→ **Task objective**: Beginning with the line that holds "wir hatten heute", write out each line exactly as it stands until the end of the data, and include no pictures.

→ **Dataset content**:

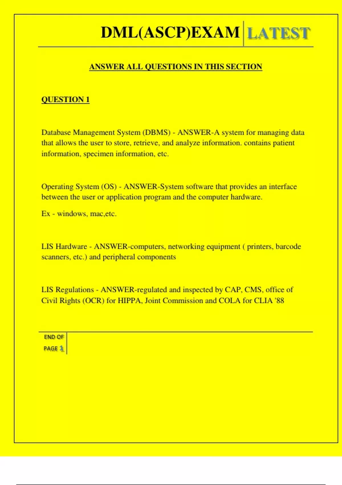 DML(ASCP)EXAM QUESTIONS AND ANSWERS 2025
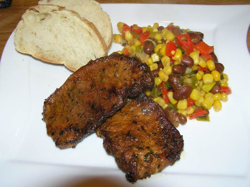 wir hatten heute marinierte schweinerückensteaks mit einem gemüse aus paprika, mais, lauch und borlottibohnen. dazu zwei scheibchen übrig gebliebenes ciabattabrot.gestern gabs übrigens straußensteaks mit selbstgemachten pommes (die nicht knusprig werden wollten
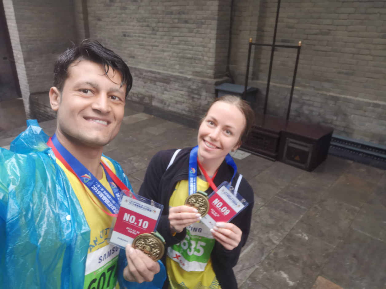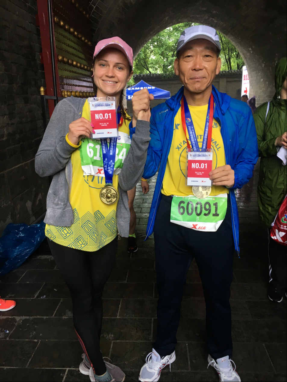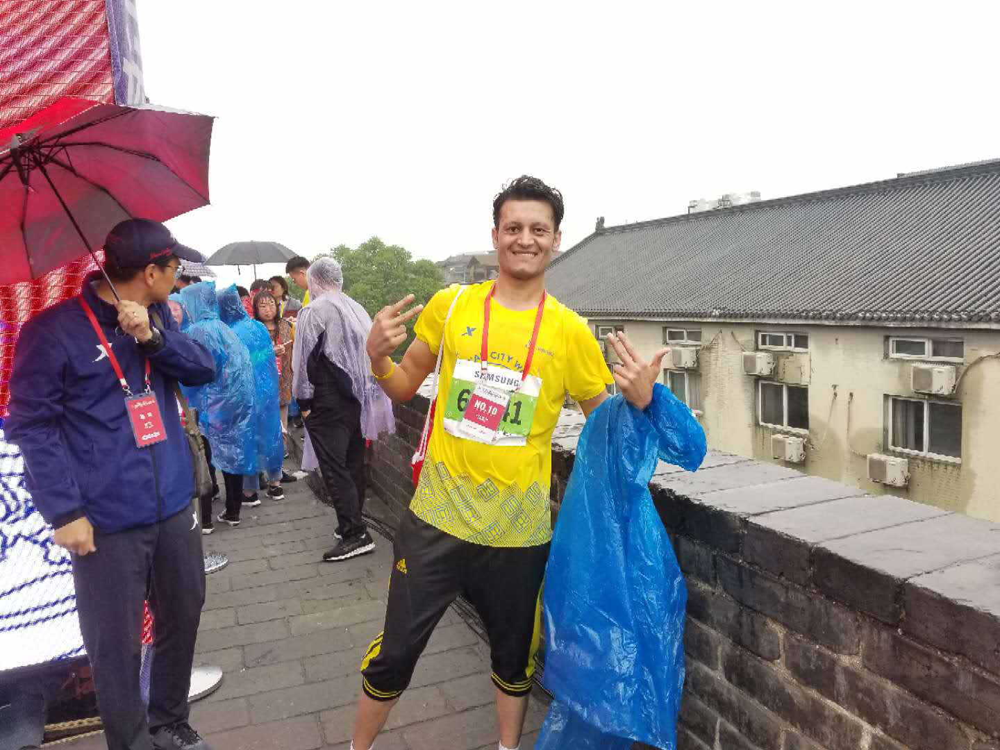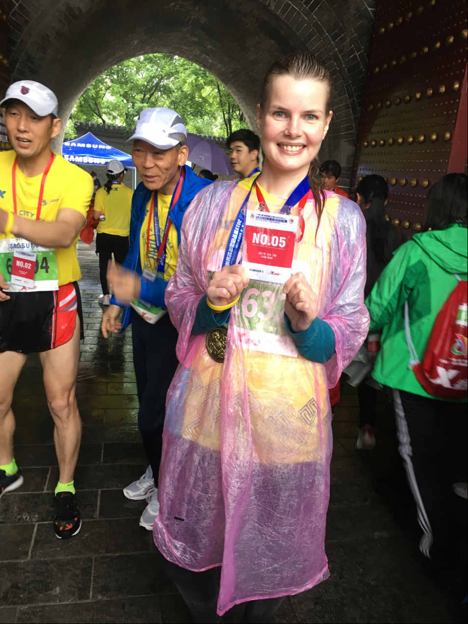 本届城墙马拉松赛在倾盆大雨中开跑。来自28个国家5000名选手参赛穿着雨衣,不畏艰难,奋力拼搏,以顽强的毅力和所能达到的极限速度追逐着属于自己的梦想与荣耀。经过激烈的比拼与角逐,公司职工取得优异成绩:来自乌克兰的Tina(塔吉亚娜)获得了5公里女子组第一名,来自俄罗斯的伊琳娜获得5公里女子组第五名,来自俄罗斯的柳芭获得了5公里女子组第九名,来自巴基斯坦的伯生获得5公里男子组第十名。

→ **The completed task**:
 wir hatten heute marinierte schweinerückensteaks mit einem gemüse aus paprika, mais, lauch und borlottibohnen. dazu zwei scheibchen übrig gebliebenes ciabattabrot.gestern gabs übrigens straußensteaks mit selbstgemachten pommes (die nicht knusprig werden wollten
 本届城墙马拉松赛在倾盆大雨中开跑。来自28个国家5000名选手参赛穿着雨衣,不畏艰难,奋力拼搏,以顽强的毅力和所能达到的极限速度追逐着属于自己的梦想与荣耀。经过激烈的比拼与角逐,公司职工取得优异成绩:来自乌克兰的Tina(塔吉亚娜)获得了5公里女子组第一名,来自俄罗斯的伊琳娜获得5公里女子组第五名,来自俄罗斯的柳芭获得了5公里女子组第九名,来自巴基斯坦的伯生获得5公里男子组第十名。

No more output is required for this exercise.